| Back to Red Six | Next Chapter |
As I gazed upon the bright calico fabrics and ran my fingers across the soft muslin channels of quilting, I could only ponder what inspired these proud Southern Belles to parade across my maternal great-grandmother Idabelle Edwards' quilt. If only these twelve ladies with their parasols perched over their shoulders could tell me a little something, but they cannot reveal.
Maybe they represent the women who might have gathered to put quilts together in the spacious barn where the quilts were left behind. Maybe they represent the women who gathered in the kitchen of the farmhouse in the mountains of Nayland, Tennessee in the 1950s. Maybe these women put the teakettle on and quilted during the cold winter months. Maybe this was their time for friendship and family to gather. I like to think that is the way it was.
Idabelle Edward's first marriage was to Emmett Lacy in Crawford, Tennessee and they had two children: Ethel Victoria and William.
Idabelle's second marriage was to Monroe Byers and they lived in Nayland, Tennessee and had four children: Maudel Kathleen, known as Kitty, Ridley, and Stella and Della, identical twins.
Idabelle's third marriage was to James Absten and they lived in Twinton, Tennessee. James Absten had four children by his previous marriage: Henry, Cordell, Pearl and Rosalee. Together, Idabelle and James had five children: Bernice, Harold, Mildred, James and Mabel.
Of these descendants, Ethel Victoria, my maternal grandmother, and Bernice, my great-aunt, are the two that I know.
Many, many years ago, my grandmother Ethel and my great-aunt Bernice were raised together in the mountains of Tennessee, half-sisters, living with relatives. Ethel and Bernice met two brothers, Ralph and Frank Janette, from Connecticut who were traveling through Tennessee. Ethel and Bernice married these brothers and moved to Connecticut and raised their families.
Ethel and Ralph lived in West Haven, Connecticut and had six children: Delores, Ralph, Mary Lou, Gail, Roberta and Thomas.

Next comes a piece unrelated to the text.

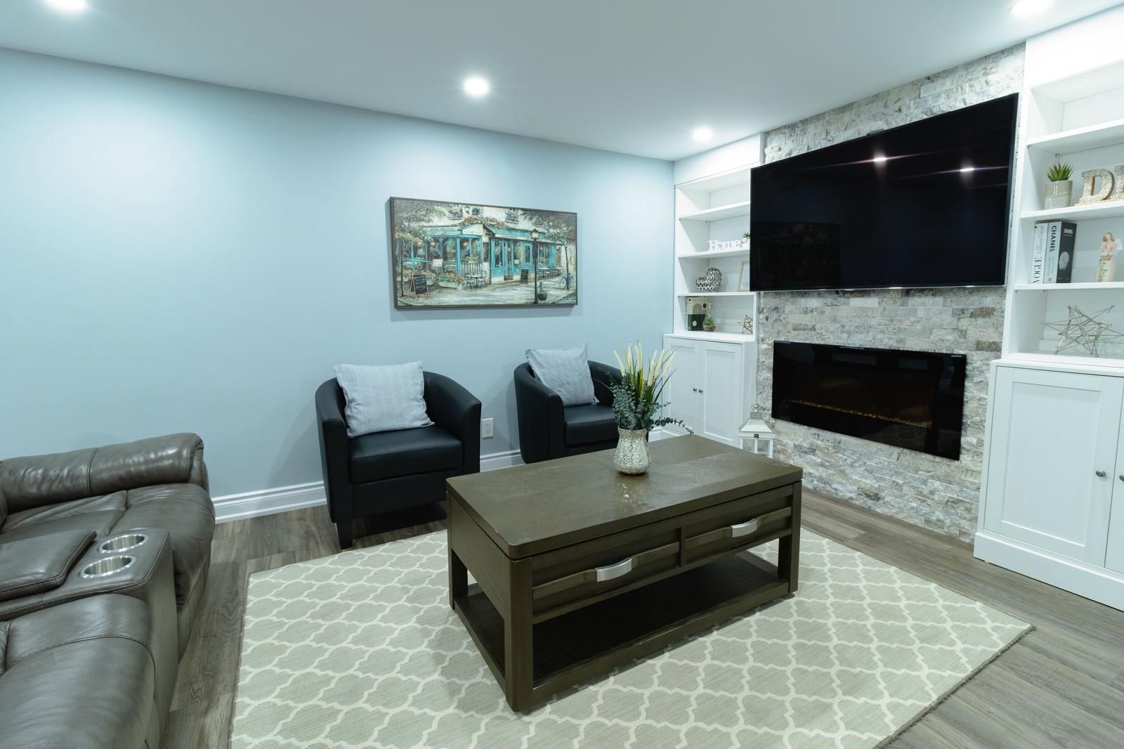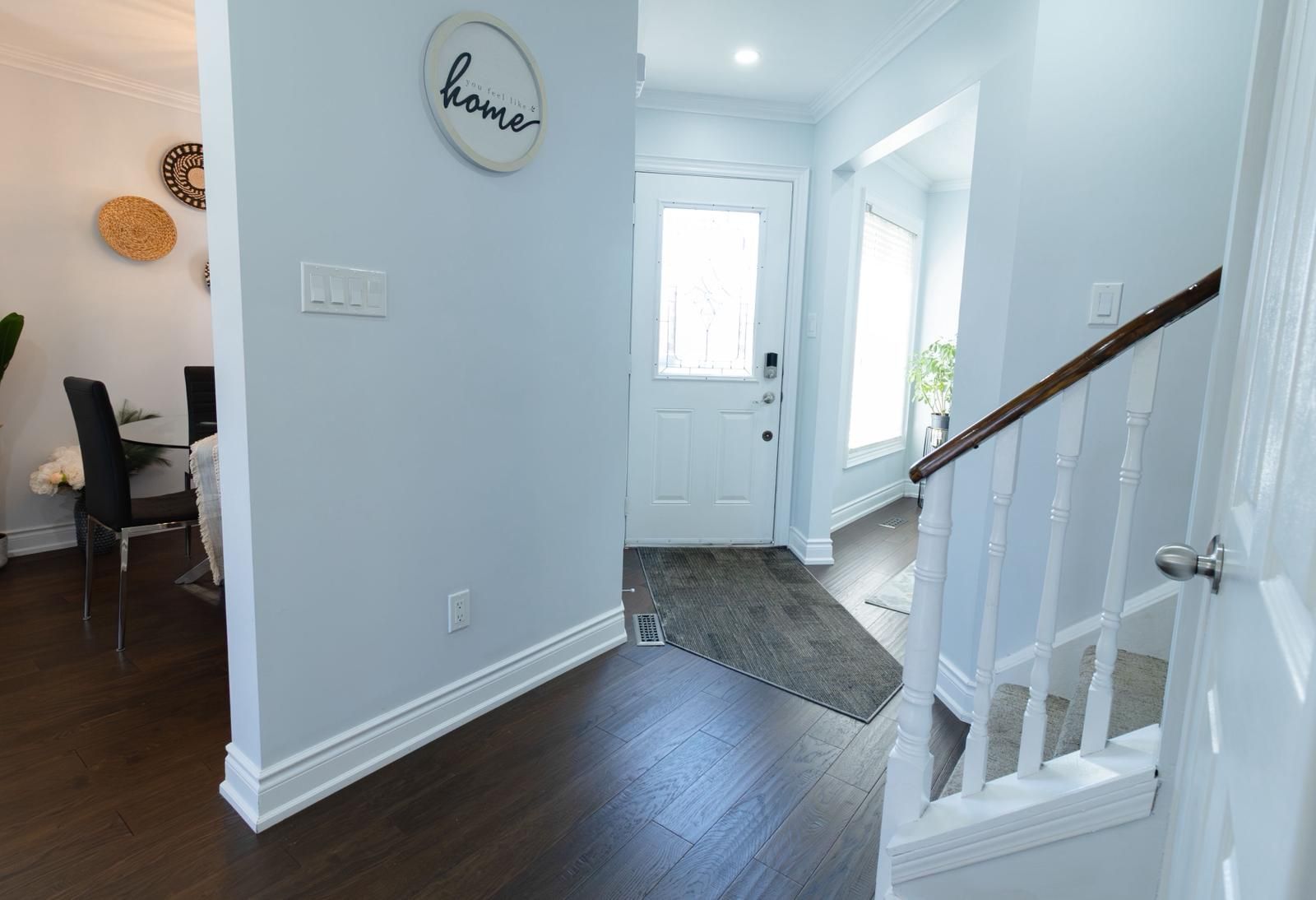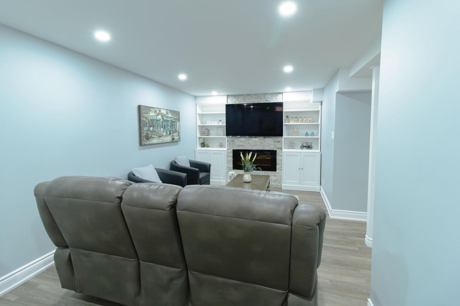 Offer any time!!! Welcome to amazing home for sale 3+1 bedrooms and 4 bathrooms. This meticulously maintained home is move-in ready the custom kitchen boasts quartz counters, a large island, stainless steel appliances, and custom cabinetry. Flooring enhances both the main and second floors. The primary bedroom features a newly built ensuite washroom that comes with a glass shower door and a modern shower. The finished basement includes an electric fireplace and a potential separate entrance to the basement, a feature wall with built-in shelves, and ample space for relaxation. Home is equipped with security system cameras and a touchpad key lock. Step outside to enjoy a private backyard with a deck, shed, and gas bbq hookup. Driveway: with no sidewalk, the driveway accommodates parking for 4 cars. Walking distance to transit /plaza. Located in an aaa-rated school area, 5 minutes to hwy 401 !!!! 4 public & 4 catholic schools serve this home. Of these, 8 have catchments. There are 2 private schools nearby. 8 sports fields, 5 basketball courts and 7 other facilities are within a 20-minute walk of this home. Street transit stop less than a 1 min walk away. Rail transit stop less than 6 km away.
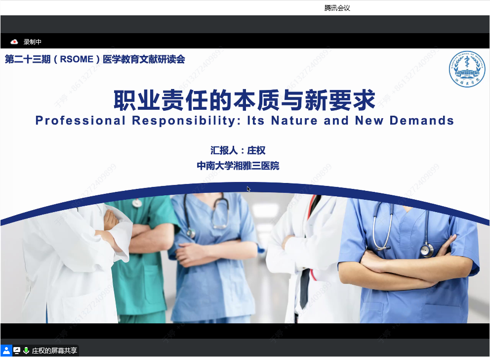 庄权副研究员重点分享了“职业责任的本质与新要求”一章。他分别从职业责任的本质、职业责任的预期行为、医学教育中职业责任的新要求三个方面展开讲解,同时以中南大学湘雅三医院在抗击新冠疫情期间,医务工作者坚守一线,富有使命感和担当的行医素养为例,强调了医学教育中职业责任的新要求。

Bernice and Frank lived in Hamden, Connecticut and had three children: Daniel, Linda, and Dennis.
During the summer months, Ethel would take her children by Pullman train to visit with relatives in Tennessee and bring trunks full of gifts, mostly beautifully dressed dolls, and then quilts - usually string quilts, Victorian crazy quilts and patchwork quilts - were exchanged. During Christmastime, these relatives would mail many, many packages to each other.
Lois, Mildred's daughter gave the Southern Belle quilt to great-aunt Bernice, when Bernice and Ethel went to Idabelle's funeral in April 1973. While Ethel and
Bernice were attending the funeral service for Idabelle, a few women stayed behind at the farmhouse. There was a group of relatives that thought that Ethel and Bernice were uppity and had lots of money just from being from the North. These women were spiteful, petty jealous, ignorant and selfish and didn't want Ethel or Bernice to inherit anything.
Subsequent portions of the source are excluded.